The whole listing that follows, pictures excepted, should be printed again exactly as given.

Given material:

"""

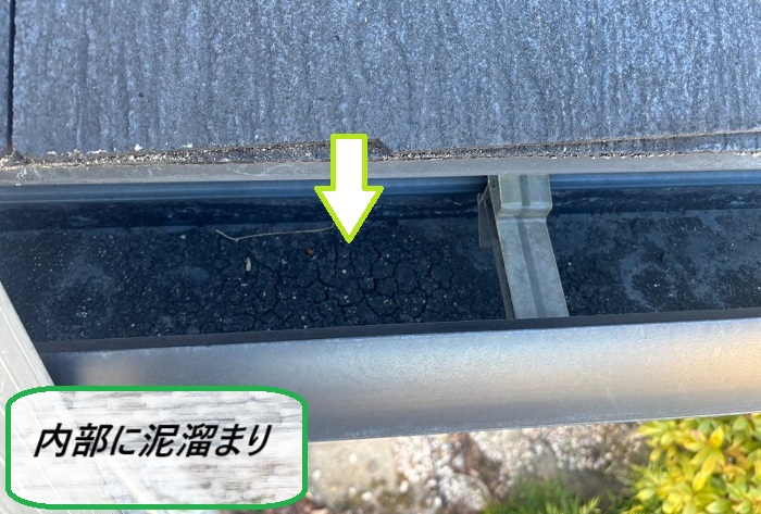 樋の中が詰まると水がうまく流れなくなって、溢れてジョイント部分から漏れる!
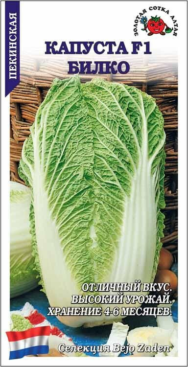 Гибрид среднеспелый (60-65 дней), высокоурожайный, устойчив к жаре, цветушности и болезням. Розетка листьев вертикальная. Кочаны продолговатые, массой 1,2-2,0 кг, темно-зеленые, на разрезе желтые, плотные и сочные, прекрасного вкуса. Используют в свежем виде и для хранения в течение 4-6 месяцев. Пекинская капуста богата легкоусваиваемыми белками, витаминами, минеральными солями, каротином.
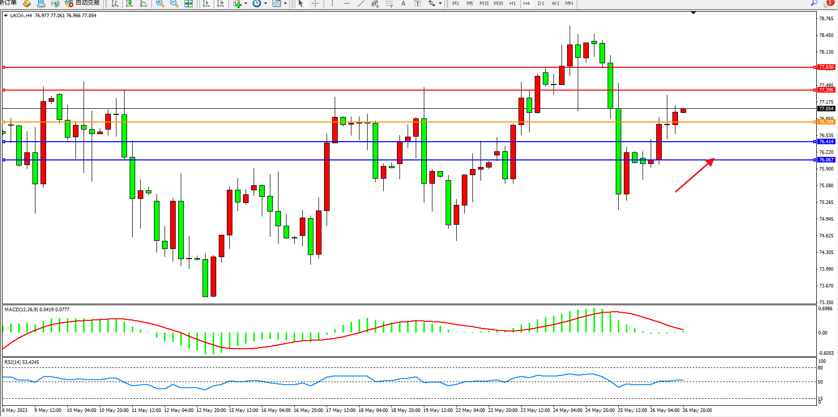 交易策略:77.054上方看涨,目标77.396 77.830

"""

Finished task:
 樋の中が詰まると水がうまく流れなくなって、溢れてジョイント部分から漏れる!
 Гибрид среднеспелый (60-65 дней), высокоурожайный, устойчив к жаре, цветушности и болезням. Розетка листьев вертикальная. Кочаны продолговатые, массой 1,2-2,0 кг, темно-зеленые, на разрезе желтые, плотные и сочные, прекрасного вкуса. Используют в свежем виде и для хранения в течение 4-6 месяцев. Пекинская капуста богата легкоусваиваемыми белками, витаминами, минеральными солями, каротином.
 交易策略:77.054上方看涨,目标77.396 77.830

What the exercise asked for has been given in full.